**Entries supplied:**
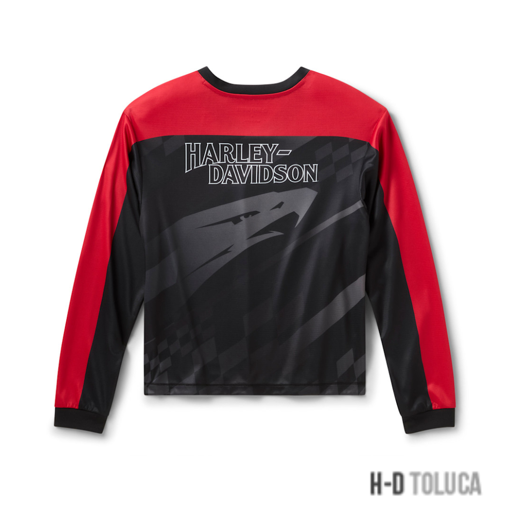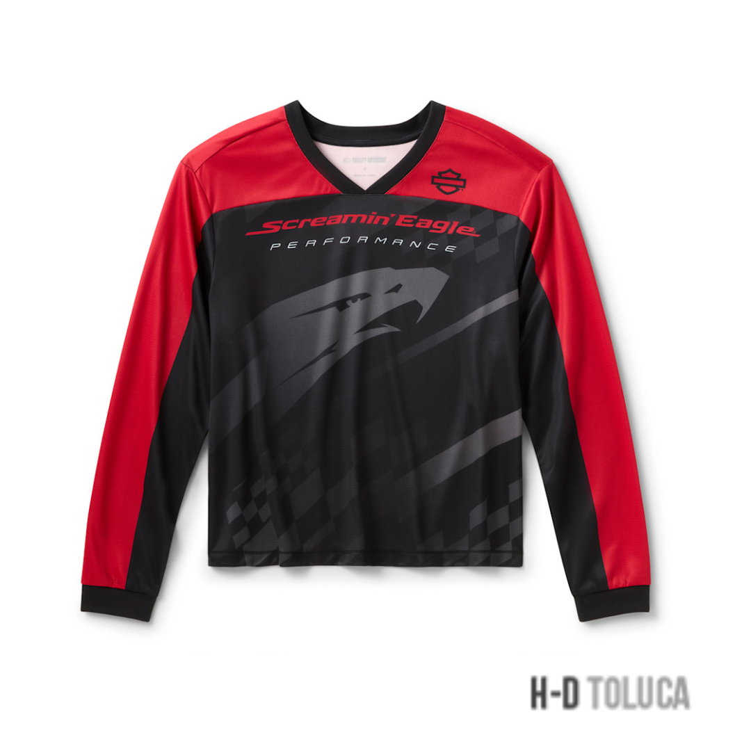 Con nuestro jersey Screamin’ Eagle® Race llega el estilo creado para los fanáticos del flat track. Esta prenda, confeccionada en tejido de malla con diseño de nido de abeja de poliéster, favorece la ventilación y la comodidad, mientras que el punto acanalado permite mantener la forma.
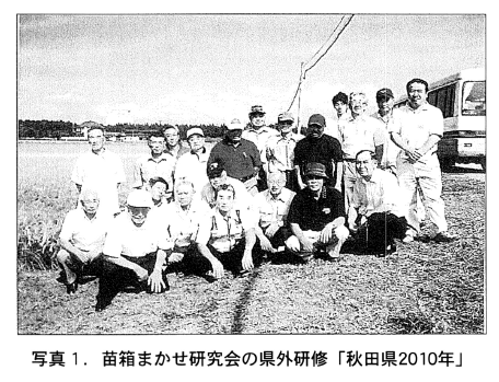 ①生産者から雫石町に合致した使い方を普及させたいと苗箱まかせ研究会が立ち上り,早坂忠孝さんが会長に選ばれ活動を始めました。
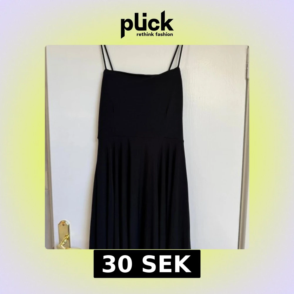 Svart långklänning med tunna axelband och stilren siluett. Klänningen har en mjukt fallande kjol och korsade band i ryggen som ger en snygg detalj. Perfekt för dig som gillar minimalistisk och elegant stil. Materialet känns lätt och följsamt mot kroppen.
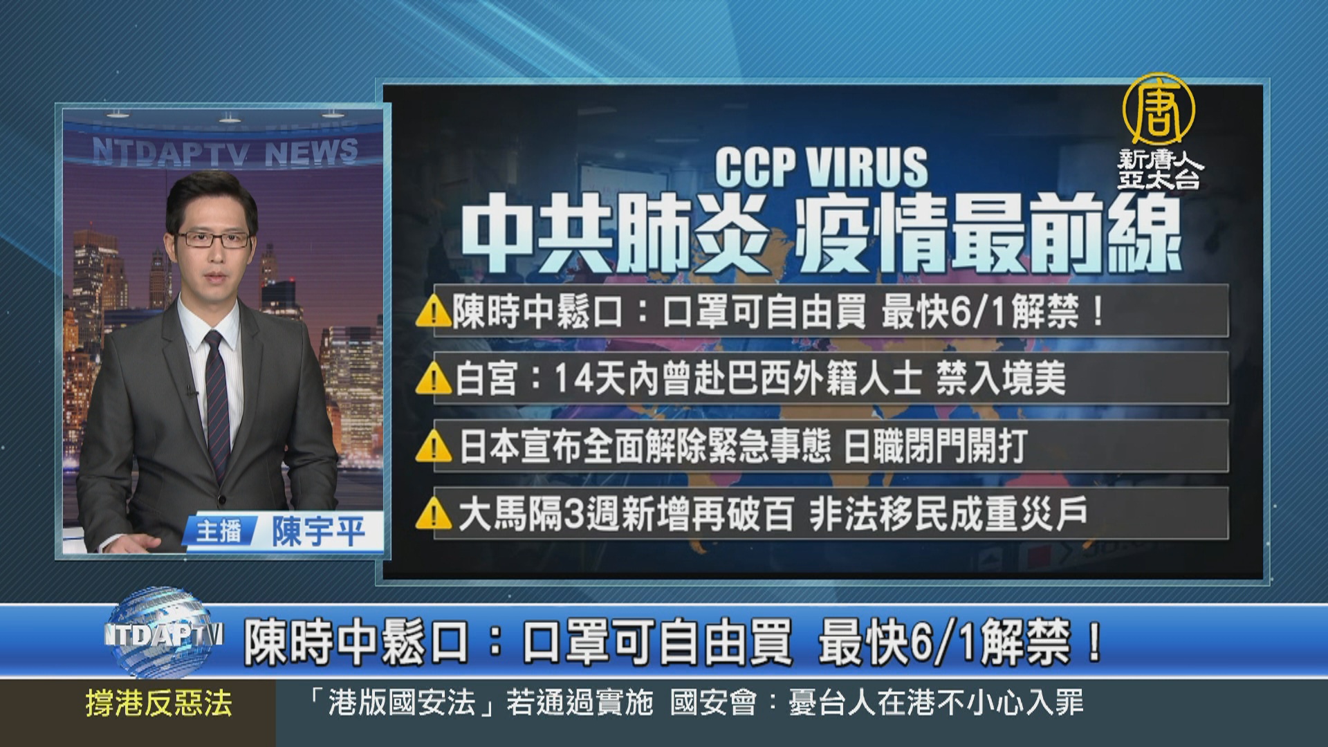 【新唐人亞太台 2020 年 05 月 25 日訊】台灣連續四天零確診,指揮官陳時中鬆口:口罩銷售最快預計6月1日解禁,國內可自由買與實名制並行!美國擴大中共病毒旅行禁令,白宮宣布,禁止非公民從巴西入境,日本宣布全面解除緊急事態,日職6月19日閉門開打。馬來西亞時隔3週後新增中共肺炎病例再度破百,其中,超過百名感染者是非法移民,成為新一波疫情重災戶。
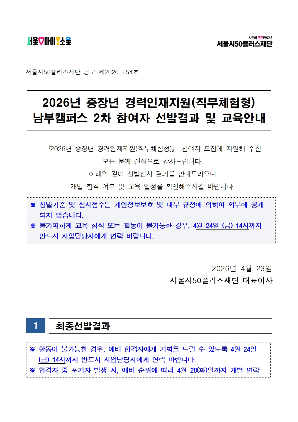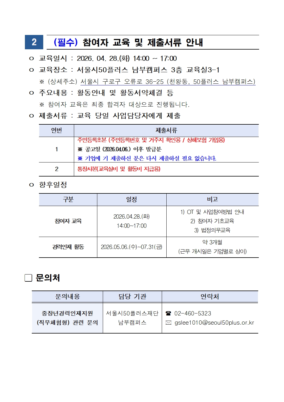 [일자리정보몽땅][남부] 중장년 경력인재지원(직무체험형) 2차 참여자 선발결과 및 교육안내
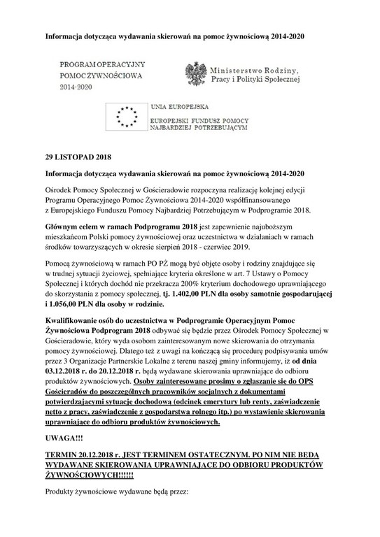 TERMIN 20.12.2018 r. JEST TERMINEM OSTATECZNYM. PO NIM NIE BĘDĄ WYDAWANE SKIEROWANIA UPRAWNIAJĄCE DO ODBIORU PRODUKTÓW ŻYWNOŚCIOWYCH!!!!!!
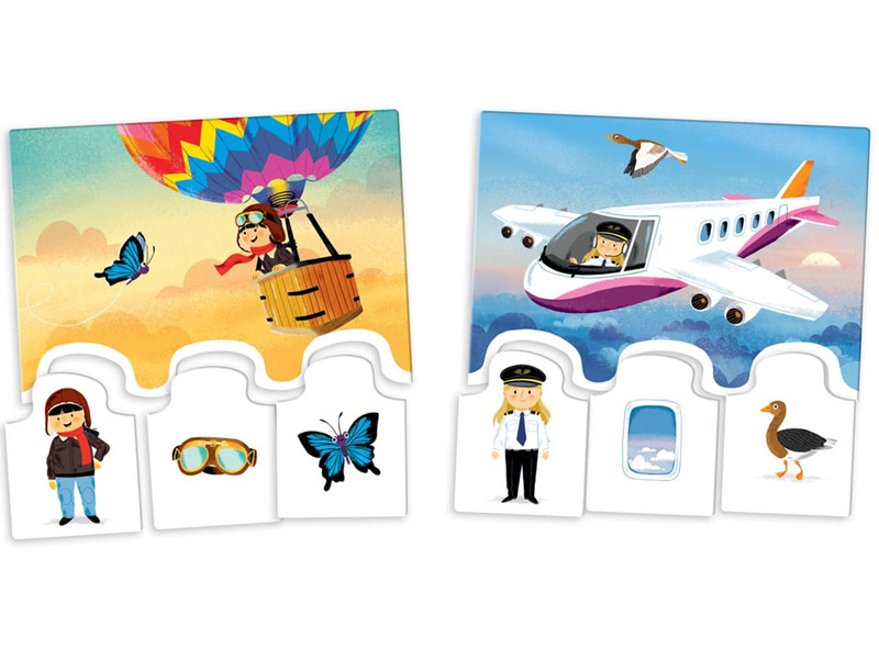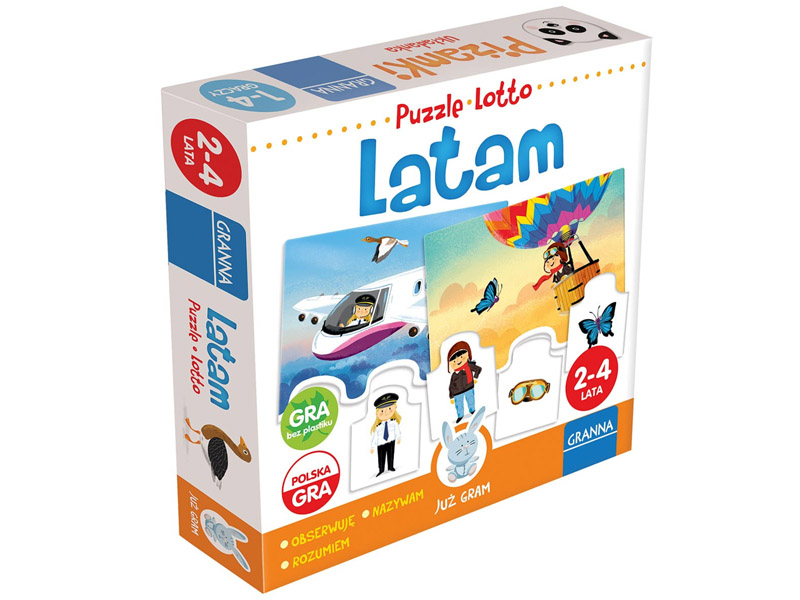 Puzzle lotto to duża, kolorowa układanka z ilustracjami przedstawiającymi różne sceny związane z lataniem. Składa się ona z sześciu układanek, których elementy należy dopasować do danej ilustracji. W roli głównej zobaczycie tutaj: narty, helikopter, spadochron, samolot, balon oraz rakietę. Zestaw pozwala na rozój motoryki dziecka, ćwiczyć spostrzegawczość oraz cierpliwość. Niech Twoje dziecko odkryje sekrety ukryte w powietrznym świecie.

**Exercise description:**
Leave the pictures behind and repeat each entry exactly.

**Solution for this problem:**
 Con nuestro jersey Screamin’ Eagle® Race llega el estilo creado para los fanáticos del flat track. Esta prenda, confeccionada en tejido de malla con diseño de nido de abeja de poliéster, favorece la ventilación y la comodidad, mientras que el punto acanalado permite mantener la forma.
 ①生産者から雫石町に合致した使い方を普及させたいと苗箱まかせ研究会が立ち上り,早坂忠孝さんが会長に選ばれ活動を始めました。
 Svart långklänning med tunna axelband och stilren siluett. Klänningen har en mjukt fallande kjol och korsade band i ryggen som ger en snygg detalj. Perfekt för dig som gillar minimalistisk och elegant stil. Materialet känns lätt och följsamt mot kroppen.
 【新唐人亞太台 2020 年 05 月 25 日訊】台灣連續四天零確診,指揮官陳時中鬆口:口罩銷售最快預計6月1日解禁,國內可自由買與實名制並行!美國擴大中共病毒旅行禁令,白宮宣布,禁止非公民從巴西入境,日本宣布全面解除緊急事態,日職6月19日閉門開打。馬來西亞時隔3週後新增中共肺炎病例再度破百,其中,超過百名感染者是非法移民,成為新一波疫情重災戶。
 [일자리정보몽땅][남부] 중장년 경력인재지원(직무체험형) 2차 참여자 선발결과 및 교육안내
 TERMIN 20.12.2018 r. JEST TERMINEM OSTATECZNYM. PO NIM NIE BĘDĄ WYDAWANE SKIEROWANIA UPRAWNIAJĄCE DO ODBIORU PRODUKTÓW ŻYWNOŚCIOWYCH!!!!!!
 Puzzle lotto to duża, kolorowa układanka z ilustracjami przedstawiającymi różne sceny związane z lataniem. Składa się ona z sześciu układanek, których elementy należy dopasować do danej ilustracji. W roli głównej zobaczycie tutaj: narty, helikopter, spadochron, samolot, balon oraz rakietę. Zestaw pozwala na rozój motoryki dziecka, ćwiczyć spostrzegawczość oraz cierpliwość. Niech Twoje dziecko odkryje sekrety ukryte w powietrznym świecie.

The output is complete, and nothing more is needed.